I don’t know where I would be if I couldn’t do this strange work. It has saved my life many times over the years, and it continues to do so now. For while my body is careering towards catastrophe, my mind is elsewhere, concentrated on this other, vital task, which is to tell you something meaningful before I go. Because I’m never happier than when I’m writing, or thinking about writing, or watching the world as a writer, and it has been this way from the start.

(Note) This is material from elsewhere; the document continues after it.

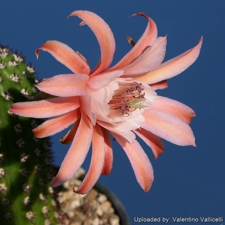Description: Cleistocactus cv. Nolle 2SN|3784]]SN|21271]] (best known as Hildewintera cv. Nolle 2SN|21272]]SN|21272]]) is a cute little prolific clumping cactus with arching, or trailing stems that can grow up to 1 m long and about 4 cm wide with many branches. It is an hybrid plant involving Cleistocactus winteriSN|21271]]SN|3784]] (the Golden Rat Tail) and an unknown Echinopsis sp. It produces a profusion of beautiful medium sized pink flowers at a time, and is quite a sight. Magnificent bloomers, the flowers can endure for two-three days (depending on temperature and sun exposure).

If I had a secondary ambition growing up it was to travel. And I’ve done a lot of that, starting out with childhood expeditions led by my peripatetic father, then going it alone, then teaming up with a husband who is afflicted with the same wanderlust as I am. If anything, I’ve done too much moving around, to the point where I sometimes envy people who have stayed in the same place all their lives and put down deep roots. I blame my restlessness on Dad. He was an airline pilot who was happiest in mid-flight, neither here nor there. As soon as he hit the ground he felt trapped. His flightiness was the chief influence on my childhood. He moved constantly, from job to job, town to town, country to country. To me this seemed like a natural way to live. I revelled in the constant change, the excitement, the challenge of adapting to new situations. It made me resilient and agile. If there was a cost to it all, I wasn’t too concerned, at least not until my parents’ marriage fell apart under the strain.

As soon as I was able to, I started travelling on my own. I didn’t have much of a purpose in mind, merely to see what was out there. I can still remember the green canvas bag I bought for my first solo trip. Compact and sturdy, it was a nod to my father’s oft-repeated advice to travel light. I was headed for England, like so many others of my generation, drawn to a country we thought we knew from reading about it and seeing it on television. But travel, as well as being exhilarating, is also a process of disillusionment, of measuring your expectations against a very different reality. As I rode the train from Heathrow into London, I saw a landscape stripped of all enchantment, barely breathing under a dull sky, and felt my spirits dip. It was not exactly a disappointment, more a recognition that, in leaving home, I’d merely exchanged one enigma for another.